We'll be hitting the road, me and the kids, for spring break soon enough. I can hear all of you parents of kids attending schools without ski week saying to yourselves, "WTF? How come your spring break is so late?" Being pagans, our school district supports worshiping the snow for a week in February and then scheduling another week for spring break which has no association whatsoever with that Christian holiday which shall not be named in the public schools.

Being someone who digs that ski week in February, I'm all for a later spring break in exchange. Keeps us away from all the riff-raff, donchaknow.

We're going to D.C., staying with some old friends for part of it and staying in a hotel for some of it. And while I already cringe when people who know my family in its entirety get to witness the group dynamics of the clan, I cringe all the more envisioning the reactions of people who don't know my kids when they get to see them all up close and personal for an extended period of time. I hold out no hope that they'll tone it down when they meet my very dear old friends. [Note I'm not calling them "old," because then I'd have to call myself the same. Shit. I am old. And so are they.]

It's going to be the Bickerers on Vacation. It won't matter that each will be spoken to, individually and collectively, by Pete and I, singularly and together. The eye rolls and instant raising of hackles and poke-poke-poking old wounds won't be kept our own little family secret.

Now that I think about it, we Family Bickerers really could bring Olympic-style panache to those activities. I'd win, hands-down, for eye rolling, particularly the covert and yet subversive ones. Eldest will win in the raising of the hackles, although Youngest will be the one responsible for raising said hackles, it being a team event and all. And Daughter, with her fevered assertions of "HE TRIED TO DROWN ME ONCE" and "HE IS ALWAYS LIKE THAT" as proof of Youngest's demonic inner being, will win the old-wound-poking martyrdom crown.

Gold medal winners, we are.

We're going to take the Capital -- and the Capitol when we tour -- by storm.

Look out.

Thursday, March 28, 2013

With a Side of Garlic Bread, Yum



I listen to the arguments.
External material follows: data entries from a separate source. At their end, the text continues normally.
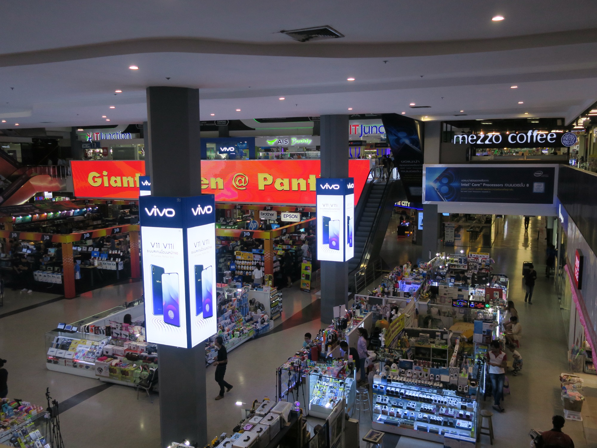 これが、パンティップの中です。特徴として、一店一店が専門店になっています。例えば、「ここはスマホ専門店」「ここはPCパーツ専門店」「ここは中古PC専門店」「ここはプリンタ専門店」といった感じです。値札がないお店も多く、買い物するにはちょっと勇気がいるかもしれません。
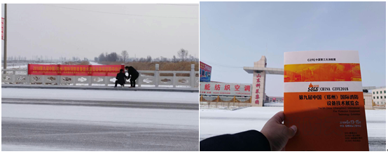 臨近春節放假前期,“2018第九屆中國(鄭州)國際消防設備技術展覽會恭祝您新年快樂”宣傳標語、展會請柬遍布德州武城工業園區大小街道;2天時間,拜訪客戶30多家,答謝禮物100多份,發放請柬1000多張,展會宣傳效果得到了展商及參觀觀眾的積極回應。
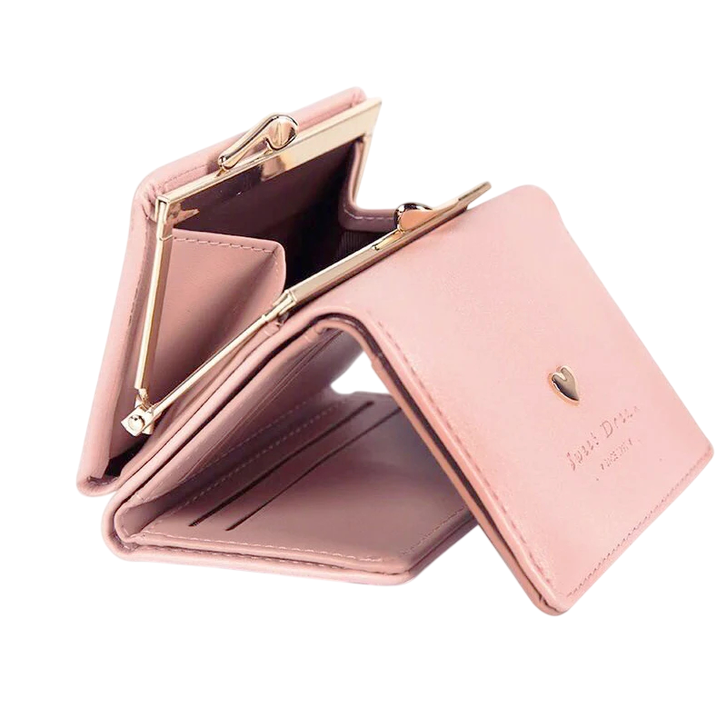 Estilosa mini carteira em pele sintética com solução dobrável, detalhe em forma de coração e bolso com fecho para armazenamento organizado de pequenos objetos Descrição completa
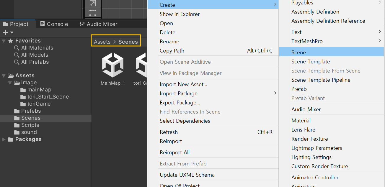 Assets폴더 안의 Scenes폴더에서 마우스 우클릭 > Create > Scene으로 새로운 씬을 생성한 후 원하는 이름으로 변경한다.
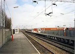 As part of a £12 million station modernisation programme on the Manchester Airport Line, rebuilding work on Mauldeth Road station commenced in autumn 2006.[4] Network Rail were able to keep the station operational for most of the time by demolishing the existing platforms in small parts and using temporary platforms. There was a temporary footbridge spanning the platforms while the pedestrians' access ramp to the northbound platform was out of use during renovation; the footbridge offered a vantage point for views over Manchester.[5] As part of the rebuilding work, new steel platforms, modern waiting shelters, new lighting and access ramps were constructed; the work was completed by June 2007.[6]
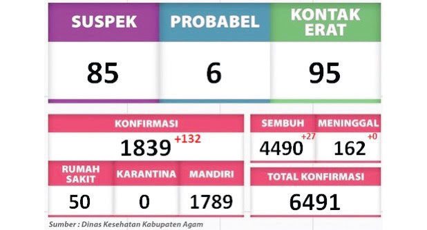 Asisten II Setkab Agam Yosefriawan mengatakan, dengan penambahan itu menjadikan jumlah kasus terkonfirmasi di Agam kini mencapai 6.491 sejak kasus pertama diumumkan awal Mei 2020. “Kami laporkan, hari ini ada penambahan 132 kasus positif baru dari 13 kecamatan,” kata Yosefriawan, Koordinator Bidang Data dan Sosialisasi Satgas Penanganan Covid19 Agam itu lagi.
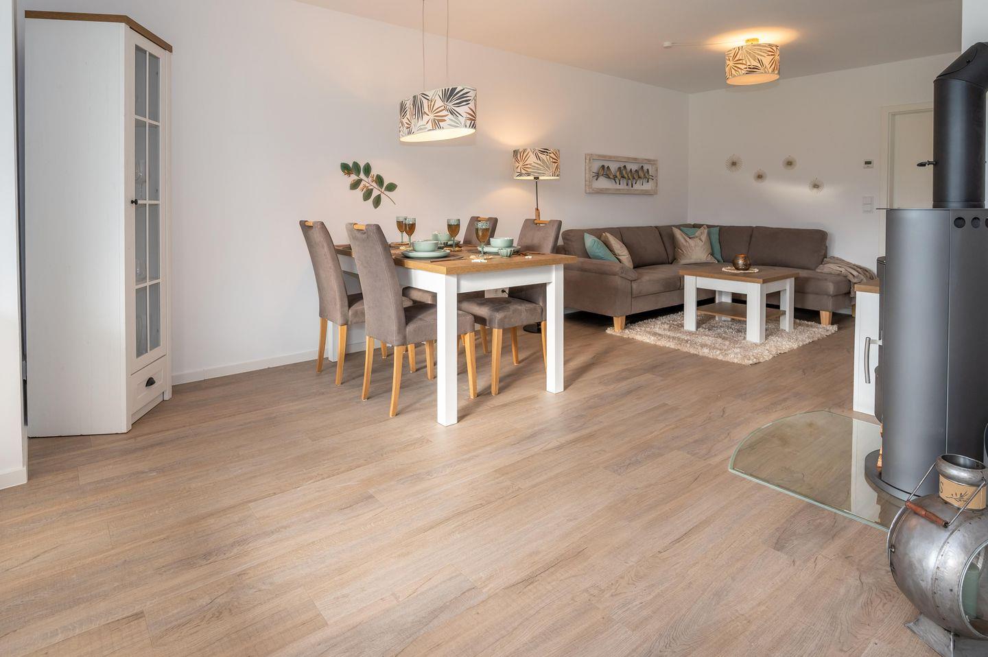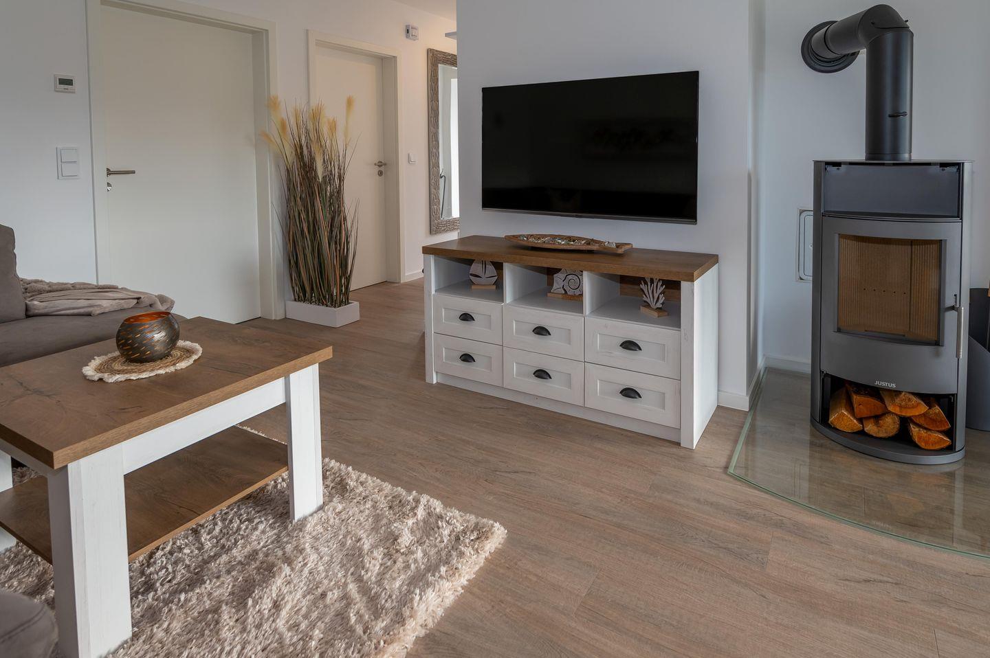 Gemütliche Ferienwohnung Friesenkind in Büsum mit Sauna, Kamin, Terrasse und moderner Ausstattung für erholsame Nordseeferien.
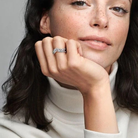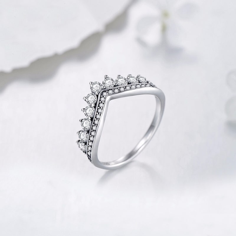 This crown ring with rhinestones boasts a V-shaped design that sits beautifully on the finger. It's a luxurious looking ring that is sure to please a sophisticated woman.

I see the vehemence with which opponents state their opinions. I am left angered beyond all sensibility. I just don't get it.

Allowing gays to marry is wrong because...? I can't see any logical rationale supporting that stance. In the end, it really comes down to a belief that God is against it. I see opponents pointing to the Bible to support their stance.

Which logically takes me to wondering why the hell what is written in the Bible and purported to be the views of God has anything to do with government. [I won't even venture down the rabbit hole of picking and choosing which parts of the Bible it's okay to agree with and which are not. Thou shalt not kill. Thou shalt not commit adultery. Can you say "capital punishment"? Can you say "remarriage after divorce."]

Oh, see, I started venturing down the rabbit hole.

How can I support same sex marriage? Because we're all supposed to be equal. Granting rights to some people and not to others does not make equality. What's so hard about that?

I want to hear a logical rationale for being opposed to same sex marriage that does not throw religious beliefs in the mix. It's freedom of religion, not freedom to shove your religion down my throat. [Uh-oh, that sounds a bit risque, don't you think?]

You and your God don't get to dictate any more than me and my Flying Spaghetti Monster God get to.